И тут-то в местный суд вновь пошли звонки-звоночки, издалека и свысока. Вертикаль же, она требует и вертикального к себе отношения. Вот Семён Семёныч, не выдержав, и взвинтился. Пошёл по коридору, расточая гром и молнии и выискивая тех, кто для битья. Только на этот раз – учёные, по кабинетам, как мыши. Уж как повезёт. Кого-то пронесло, кого-то – нет. Алла Сергеевна отделалась лёгким испугом, схлопотав всего лишь выговор. Повезло.
Ну а так Семён Семёныч слыл человеком спокойным и порядочным, не в пример какому-нибудь Ляпкину-Тяпкину. Что называется, профессионал высочайшего полёта. Опять же, не сутяга, не сплетник.
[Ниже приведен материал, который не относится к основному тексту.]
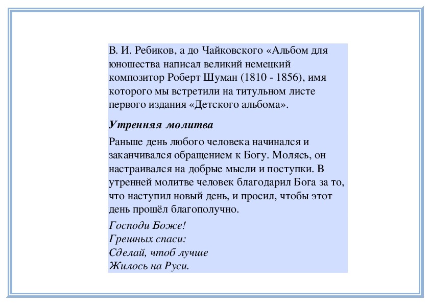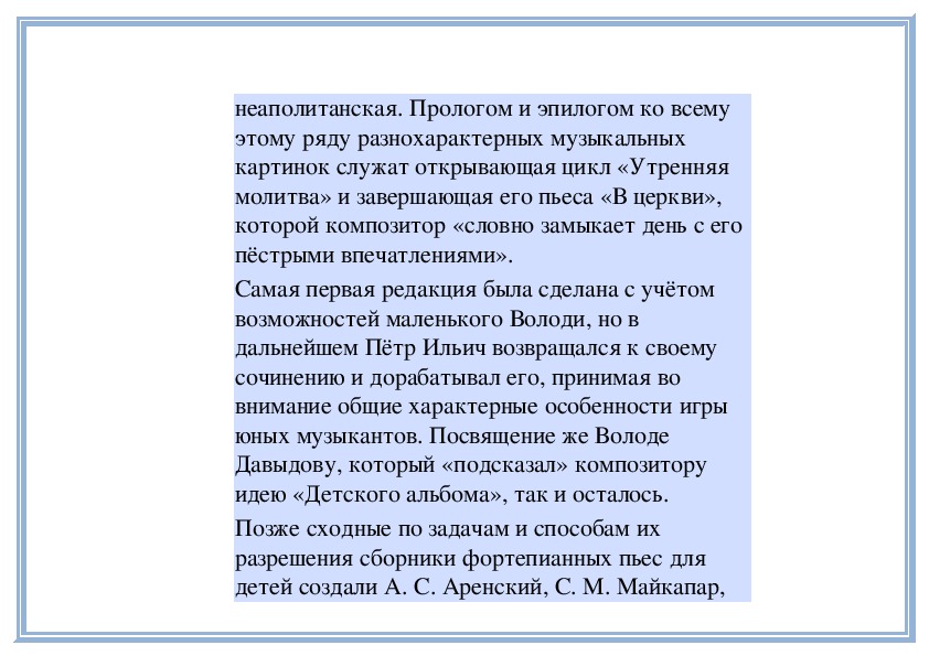 детей создали А. С. Аренский, С. М. Майкапар,В. И. Ребиков, а до Чайковского «Альбом для

Милейший в общем-то человек. И за его обычное горизонтально-ровное состояние и непробиваемость сослуживцы за глаза прозвали шефа почти любовно – Броневик. Точно и смело. А чем, правда, не Броневик?..
Так вот. Как-то в конце рабочего дня Председатель-Броневик вызвал Аллу Сергеевну в свой кабинет и после нескольких шуток-прибауток (было у него ещё одно прозвище – Шутник) перешёл к главному – «лесному делу». Зная вашу принципиальность, заявил тогда Броневик, хотелось бы провести это дело без всяких-разных эксцессов. Дело с виду очевидное – по сути, никудышное. А вот звоночки то от соседей, то из области начинают донимать.
– Вы ведь не хуже меня знаете, уважаемая Алла Сергеевна, что для всех нас значат эти самые звоночки, – громко высморкнувшись в платок, обратился шеф к судье.
– Да-да, – кивнула та. – Понимаю…
– Так что, хотелось бы, чтоб прошло без всяких… э-э… неожиданностей, да?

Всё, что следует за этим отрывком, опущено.